Source records

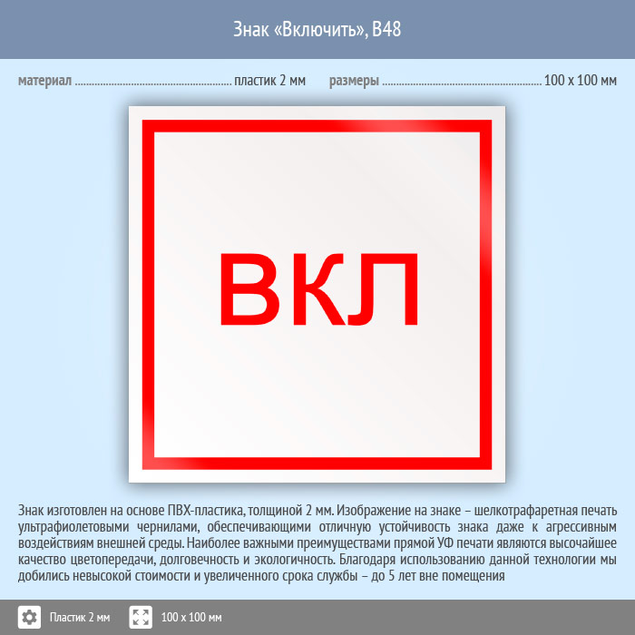 Знак «Включить», B48 (пластик, 100х100 мм) в Кашире купить
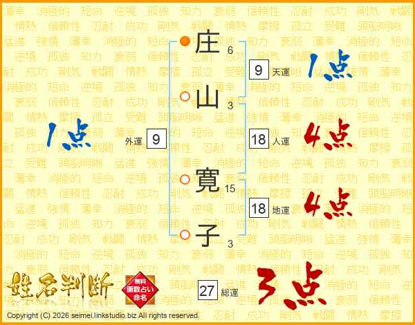 庄(6画)山(3画) 寛(15画)子(3画)
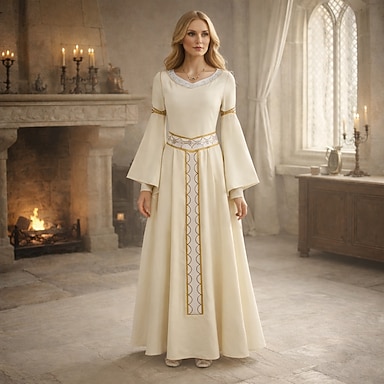 Retrò Vintage Medievale Rinascimento Lunghezza al pavimento Vestito Normale Manica del polsino svasato Vichingo Straniero Taglie Forti Elfico Costume Per donna Celtico Reale Halloween Carnevale
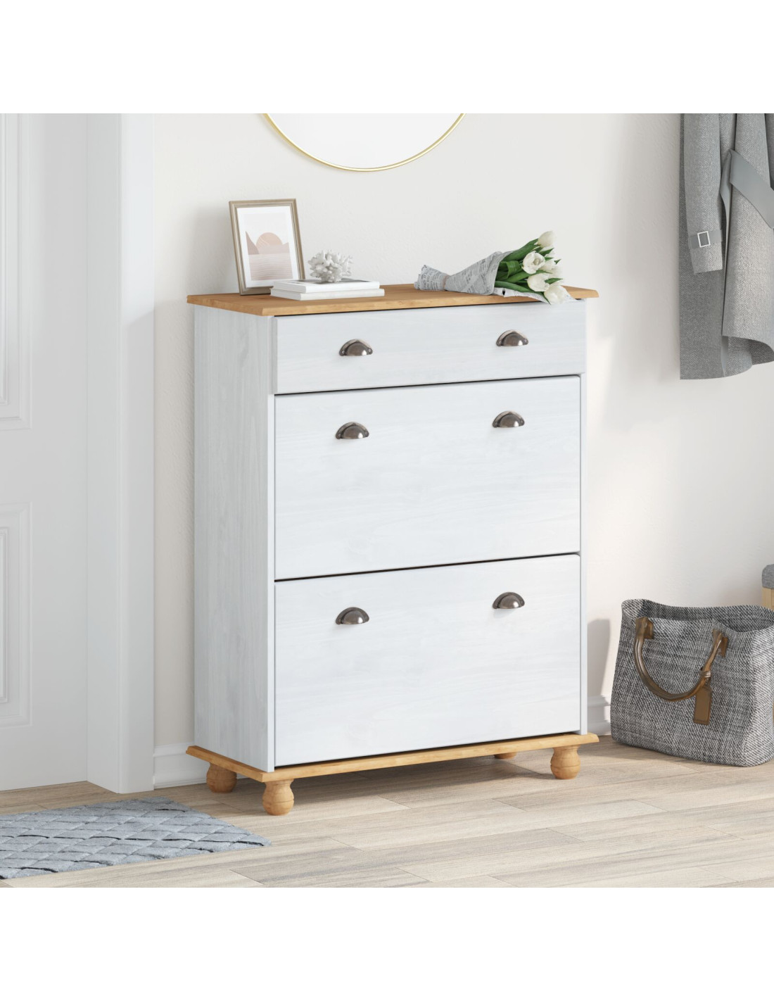 - Componenti utili: Con cassetti e maniglie a D sagomate, questo mobile è pratico ed elegante. I cassetti offrono spazio per tante scarpe, e le maniglie ergonomiche facilitano l’uso rendendolo accessibile e bello.
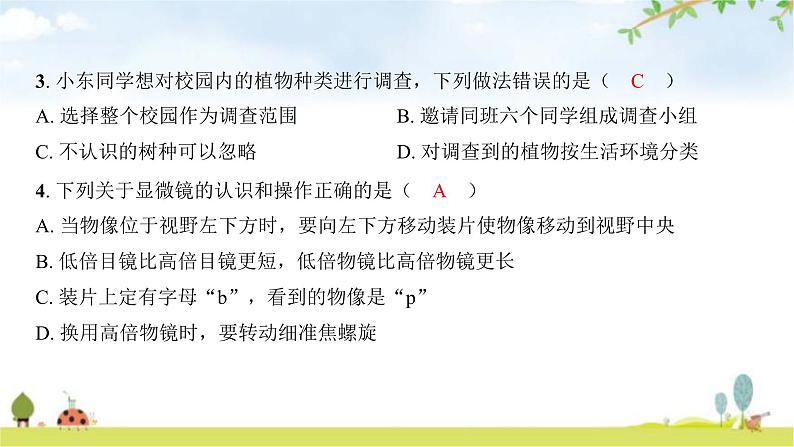 3. 小东同学想对校园内的植物种类进行调查,下列做法错误的是( C )

PROBLEM REQUIREMENTS
Each line above should be returned exactly as written, apart from any pictures.

TASK SOLUTION
 Знак «Включить», B48 (пластик, 100х100 мм) в Кашире купить
 庄(6画)山(3画) 寛(15画)子(3画)
 Retrò Vintage Medievale Rinascimento Lunghezza al pavimento Vestito Normale Manica del polsino svasato Vichingo Straniero Taglie Forti Elfico Costume Per donna Celtico Reale Halloween Carnevale
 - Componenti utili: Con cassetti e maniglie a D sagomate, questo mobile è pratico ed elegante. I cassetti offrono spazio per tante scarpe, e le maniglie ergonomiche facilitano l’uso rendendolo accessibile e bello.
 3. 小东同学想对校园内的植物种类进行调查,下列做法错误的是( C )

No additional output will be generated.